Problem description =>
Using the listing below, set down exactly the lines from the one that contains "Cute Christmas Decoration" through the one that contains "Dark brown (wood), silver", with no pictures.

Data shown =>
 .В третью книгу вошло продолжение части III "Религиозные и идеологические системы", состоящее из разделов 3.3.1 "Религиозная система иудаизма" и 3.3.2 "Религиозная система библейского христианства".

...

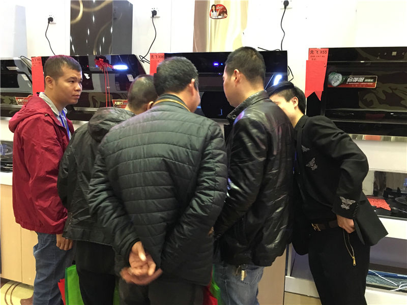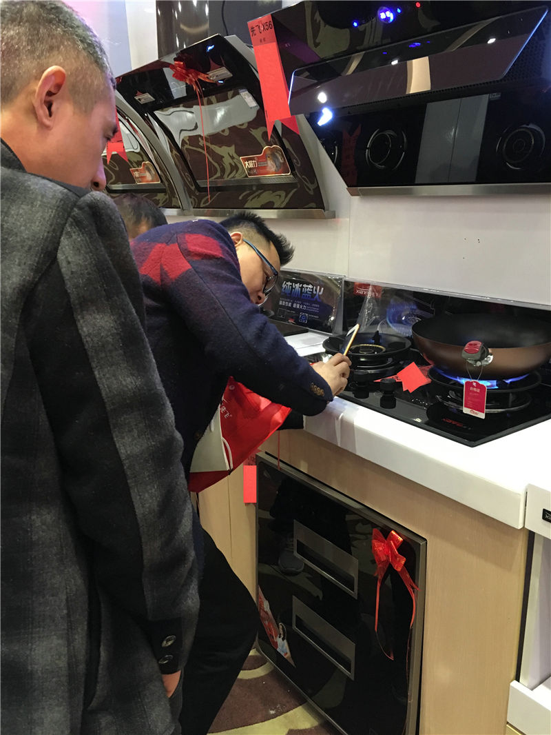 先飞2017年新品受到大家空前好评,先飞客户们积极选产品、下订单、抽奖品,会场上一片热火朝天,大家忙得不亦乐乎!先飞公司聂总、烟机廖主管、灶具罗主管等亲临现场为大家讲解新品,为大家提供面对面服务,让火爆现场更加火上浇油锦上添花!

---

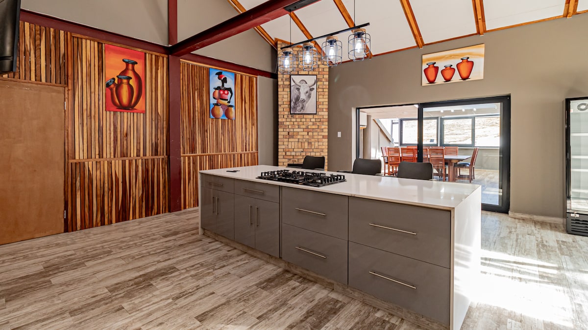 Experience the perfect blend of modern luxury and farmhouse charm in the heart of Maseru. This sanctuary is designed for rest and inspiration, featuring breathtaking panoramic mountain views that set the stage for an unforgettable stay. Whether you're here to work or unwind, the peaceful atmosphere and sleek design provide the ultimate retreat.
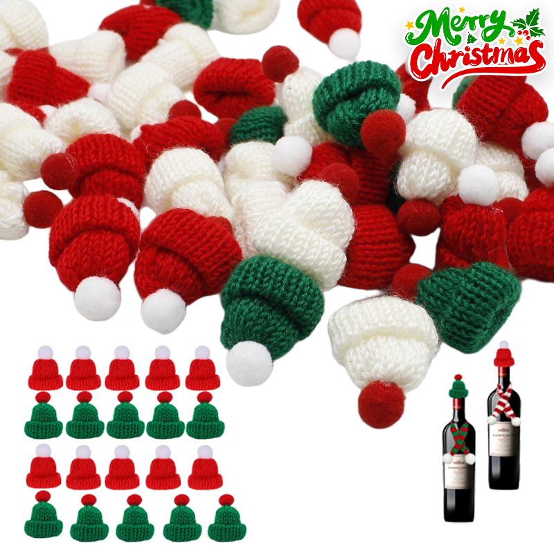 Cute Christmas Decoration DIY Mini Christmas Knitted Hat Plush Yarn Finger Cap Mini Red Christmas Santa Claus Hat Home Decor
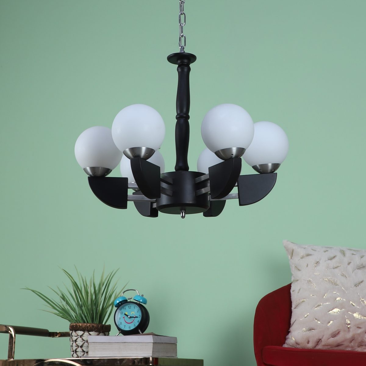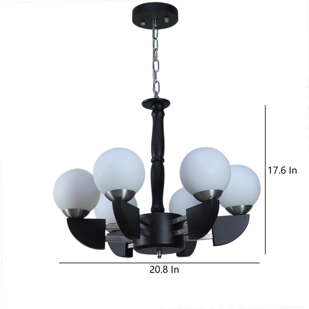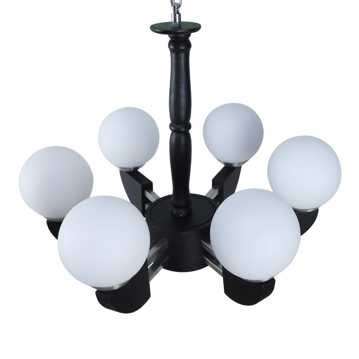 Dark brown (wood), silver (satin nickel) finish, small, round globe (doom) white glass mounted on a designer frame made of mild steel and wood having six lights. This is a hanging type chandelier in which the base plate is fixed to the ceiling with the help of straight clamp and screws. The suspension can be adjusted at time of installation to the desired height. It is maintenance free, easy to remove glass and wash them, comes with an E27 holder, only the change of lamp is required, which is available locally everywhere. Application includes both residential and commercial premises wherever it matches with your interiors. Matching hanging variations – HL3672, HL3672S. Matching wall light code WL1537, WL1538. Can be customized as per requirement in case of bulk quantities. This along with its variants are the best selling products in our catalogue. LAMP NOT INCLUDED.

Answer space =>
 Cute Christmas Decoration DIY Mini Christmas Knitted Hat Plush Yarn Finger Cap Mini Red Christmas Santa Claus Hat Home Decor
 Dark brown (wood), silver (satin nickel) finish, small, round globe (doom) white glass mounted on a designer frame made of mild steel and wood having six lights. This is a hanging type chandelier in which the base plate is fixed to the ceiling with the help of straight clamp and screws. The suspension can be adjusted at time of installation to the desired height. It is maintenance free, easy to remove glass and wash them, comes with an E27 holder, only the change of lamp is required, which is available locally everywhere. Application includes both residential and commercial premises wherever it matches with your interiors. Matching hanging variations – HL3672, HL3672S. Matching wall light code WL1537, WL1538. Can be customized as per requirement in case of bulk quantities. This along with its variants are the best selling products in our catalogue. LAMP NOT INCLUDED.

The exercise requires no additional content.